London hunts 'Wimbledon Prowler' behind host of high-end burglaries
LONDON – Agence France-Presse
Residential properties in Wimbledon village, south west London on April 2, 2016. AFP PhotoCunning gentleman thieves have seduced romantics from the days of Robin Hood through to Hollywood's heyday -- and now London is transfixed by the real-life antics of the "Wimbledon Prowler".
The prolific burglar is suspected of carrying out hundreds of break-ins around one of London's most exclusive neighborhoods, making off with assets worth more than 10 million ($14 million, 12 million euros).
The quaint, upscale neighborhood of Wimbledon Village in the British capital's smart southwest is sheltered from the hustle of city life, and known mainly for its famous tennis tournament and multi-million pound mansions.
But fear now stalks the leafy streets in the form of the "Wimbledon Prowler", as the light-fingered criminal has been nicknamed by the British press.
In a decade of deception, the thief has committed more than 200 burglaries, making mockeries of locks, alarms and security camera systems to pilfer luxury watches, jewelry and cash, detective inspector Dan O'Sullivan told AFP.
The intruder's high-profile targets have included German tennis legend Boris Becker and French former Real Madrid and Arsenal footballer Nicolas Anelka, who chased the burglar from his house.
His biggest single trophy is believed to be a 1955 Rolex Submariner watch valued at around 500,000.
"In the UK there is no one that gets close to him, in terms of the period of time that he's been offending and the financial gain," said O'Sullivan.
"The law of averages says that you're going to make a mistake one day, but we've never actually got close to him, which indicates he's very good. He's disciplined."
That the crook remains at large is not for the lack of trying, with media reporting that police have even hidden in trees to catch him in the act.
Starved of solid leads, Scotland Yard launched an appeal for witnesses in March after a particularly productive period for the burglar between last September and early 2016, with three to four break-ins committed per week.
"When you look back at the history of the last 10 years, that is what he seems to do," O'Sullivan said.

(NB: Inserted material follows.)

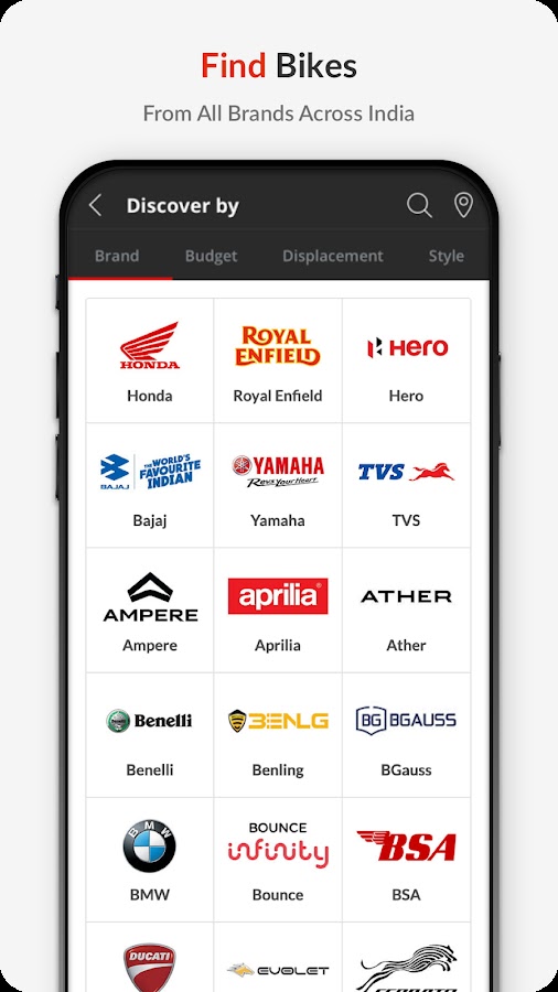 1. Поиск. Просмотрите велосипеды по вашему выбору. В приложении размещаются двухколесные транспортные средства от лучших производителей. Назовем некоторые — Royal Enfield, TVS, Hero, Bajaj, Honda, Yamaha, Suzuki, KTM, Jawa, BMW, Harley-Davidson, Yezdi, Ather, Ducati, Bounce, Okinawa, Moto Morini и многие другие.

"He seems to smash 20 to 30 jobs over a couple of months and then he seems to go to ground."
From the scant evidence, police believe the crook is a man aged around 35, of medium height and is described as athletic, agile, organised, disciplined and likely knowledgeable about police investigation techniques.
The thief leaves no evidence behind such as fingerprints and is aware of the location of surveillance cameras, hiding his face with his hand.
O'Sullivan did not rule out the possibility that the hunted man could be a former soldier, given his self-control and attention to detail.
"This individual seems to be one of the 10 percent of burglars who plan a crime," said retired policeman Calvin Beckford, who now operates The Crime Prevention Website, the largest open-source online resource of its kind in Europe.
"This guy is clearly very cautious, is security-aware and spends time making observations, minimizing his chances of being seen and detected," he told AFP, advising Wimbledon residents to review their security systems.
O'Sullivan believes that the felon is motivated by more than just money, saying he was probably seduced by the "kick, the thrill of doing it".
None of the burglaries have led to physical harm, with one victim telling AFP: "He comes and goes, but so far there's never been any evidence of any violence."
"We don't think he's life-threatening, we don't lose sleep but we hope that he'll be caught," the victim added -- but that may be a while in coming.
"He's now gone to ground," explained O'Sullivan. "We're just waiting for him to come again and when he comes again, we'll be ready for him.
"Like him, for us, it's the thrill of the chase because one day, we're going to get lucky."